Однако мое желание отправиться именно в Пунтаренас вовсе не было связано с маршрутом путешествия. Больше всего мне хотелось прочесть книгу. Тем более что у меня имелась отличная книга. Дважды в Сальвадоре и один раз в Лимоне я уже открывал «Повесть о приключениях Артура Гордона Пима» Эдгара По. Каждый раз это случалось ночью, и, стоило мне погрузиться в мир повествования, подсознание включало сигнал тревоги и заставляло меня вернуться в реальный мир. Без сомнений, это было одно из самых жутких произведений, которые мне доводилось читать: клаустрофобия, кораблекрушение, жажда, бунт матросов, каннибализм, бред, убийства, шторм — кошмарное путешествие, навевавшее на меня кошмарные сны. Скорее всего, в домашних условиях эта книга не имела бы такого жуткого эффекта, но в трех разных комнатах в отелях Центральной Америки — сумрачных, душных и тесных, с тускло мерцающей лампочкой без абажура, в чужой постели, с крысой, прогрызшей дыру в потолке, — эта книга внушала мне чувство животного ужаса. Я вынужден был отложить ее и дал себе слово, что буду читать дальше только при ясном солнце в вагоне дневного поезда.

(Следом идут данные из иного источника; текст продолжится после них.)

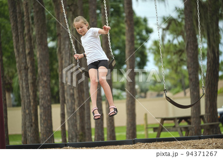 Little Caucasian girl riding swing at playground
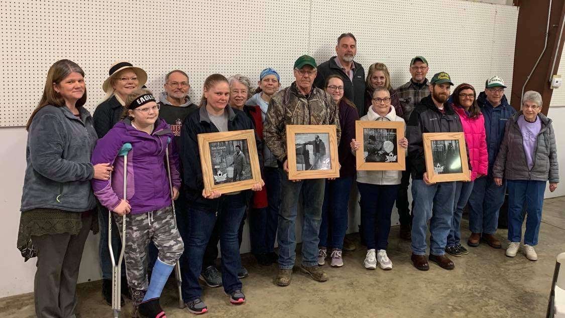 FOUNDING MEMBERS RECOGNIZED … Williams County Fairgrounds held their annual Maple Syrup Educational Day on March 11. Students visited the Sugar Shack to learn about the process of producing maple syrup as well as a living history lesson that followed. In between two groups of school children a Memorial Plaque Presentation for the founding members of the Northwest Ohio Maple Syrup Producers, Don Martin; Tim Creek; Dallas Dick; and Leon Shoup, who passed away this past year, was held. Pictured are Front Row: Hazel King, Tabitha (Fritsch) Crites, Lamar Dick, Lori Shoup, Rex Martin, & Nancy Martin. Back Row: Sasha (Creek) King, Pat Creek, David Fritsch, Susan (Creek) Fritsch, Linda Tomkalski, Holly Tomkalski, Lane Shoup, Wendy Pharo, Jeff Dick, Adrianna Martin, & Jeff Martin. (PHOTO BY TABBY DUNBAR, STAFF)

И не важно, куда будет направляться этот поезд. Для меня было важно одно: читать Эдгара По в идеальных условиях, в чистом поезде, с удобно задранными на скамейку ногами и любимой трубкой в зубах. Итак, эта книга стала моим главным поводом для путешествия в Пунтаренас на поезде.
Тихоокеанский вокзал выглядел многообещающе. Один рабочий протирал шваброй пол в вестибюле, другой мыл окна: такие мелочи можно считать косвенными признаками того, что и поезда здесь ходят по расписанию. И к тому же напротив кассы стояла двухметровая статуя Иисуса Христа: чистота и благолепие. Сама дорога тоже выгодно отличалась от атлантической ветки: электрифицированная, с бесперебойным и быстрым движением. Тишину в сверкающих синей краской вагонах нарушал лишь свисток локомотива, сиденья были совершенно целыми, и благодаря тому что в день ходило до восьми поездов, они не были переполнены: чем не читальный зал?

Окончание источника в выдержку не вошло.